Many bills filed in Congress display more bluster: repeal the Oil Industry Deregulation Law of 1998 and restore the Oil Price Stabilization Fund (OPSF). Foisted and rejected in 2001 and again in 2007, this avatar refuses to die. Why? The OPSF means to address two market failures: (1) the social cost of the price volatility of the fuel price and (2) the abuse of market power by oil companies, or both. The micro-theoretic argument for price stabilization is compelling: Set the pump price of fuel according to the long-run average price of petroleum, accumulate reserves when the current petroleum price is less than the long-run average, de-cumulate reserves when the current price is higher than the long-run average and the expected balance of the reserve equals the seed fund made available initially. When the conditions are right, the OPSF erases pump price volatility stemming from global petroleum price fluctuations around the mean. It’s the closest you come to value for nothing! In reality, the proper implementation of OPSF requires some very difficult conditions. First, the government has to know the long-run average which involves accurate forecasting of petroleum prices. If this is too low, the OPSF becomes a general pump price subsidy as the fund goes in the red. The government also has to know when there is a regime shift (a rise, say, in the long-run average) and to adjust pump price accordingly. Most crucially, government must have the mettle to stare down political pressure when it’s time to raise the pump price. Given irresolute governance, the OPSF balance quickly goes into the red and becomes a permanent fiscal burden. This is what happened.

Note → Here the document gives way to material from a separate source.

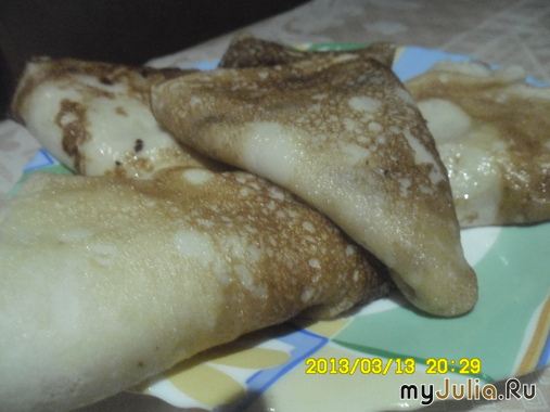 Масленица идет - масленице дорогу! Конечно, невозможно себе представить неделю перед Великим постом без блинного изобилия. уверена, что у каждой хозяюшки есть свой фирменный рецепт блинного теста. Мне хочется предложить свой, который уже давно в моей семье заменил традиционные блинчики на молоке. Рецепт данного блинного теста был "подсмотрен" мною три года назад в одной из программ Юлии Высоцкой. Для приготовления примерно 12 блинов нам понадобится: кефир 0.5 литра сахар 2 ст.л. соль 0.5 ст.л. яйцо куриное 2 шт. масло растительное 2 ст.л. мука 1 стакан сода 0.5 ч.л. Яйца слегка взбить с сахаром, солью и содой. Влить кефир. Взбить. Постепенно ввести муку, взбить до однородного состояния. Влить растительное масло, размешать ложкой. Если тесто окажется густоватым, то разбавить его очень горячей водой до нужного состояния ("жидкой сметаны"). Выпекать блинчики на сковороде, смазанной растительным маслом. PS. Хочется отметить, что блинчики на кефире довольно нежные, поэтому, чтобы избежать "разрывов" блина при переворачивании, рекомендую его как следует поджарить. Приятного аппетита, друзья! С масленицей! Рейтинг: +23

The OPSF contributed immensely to semi-permanent Philippine fiscal crisis from 1984 to 1998. The cost of OPSF to the taxpayer in 1998 alone would have been P8b. It subsidized motorists (with more subsidy going to SUV owners) while it bled the budget for infrastructure. Cheap fuel burned over bad roads means longer travel time, more fuel burned, and higher net fuel spending! Do you wonder why our road infrastructure is so bad compared to our regional neighbors?
Behind the OPSF proposal is the usual undercurrent of romance with a nationalized oil industry. Abuse of market power by oil companies is the perennial bogeyman. That the nationalization of the oil industry as a remedy opens the floodgates to misuse of government power is conveniently shelved. That government failure costs society more than market failure is forgotten. Forget "Telepono sa Barangay"; forget the massive overpricing at NFA; forget the water supply interruptions before MWSS was privatized. I shudder at the thought of the orgy of waste and rent-seeking.
It puzzles me how the people who normally castigate the government for failing to count votes properly or run trains properly also believe that the same government can operate, to public benefit, oil price stabilization or a nationalized oil industry. Why will the perennial rogue suddenly turn into a saint? I call it the fallacy of the frog prince: however ugly you are, the kiss of the princess will at once turn you into a handsome prince. The frog is the government and the princess is OPSF or your favorite state intervention! If only life was so simple!
Raul V. Fabella is with the UP School of Economics and the National Academy of Science and Technology.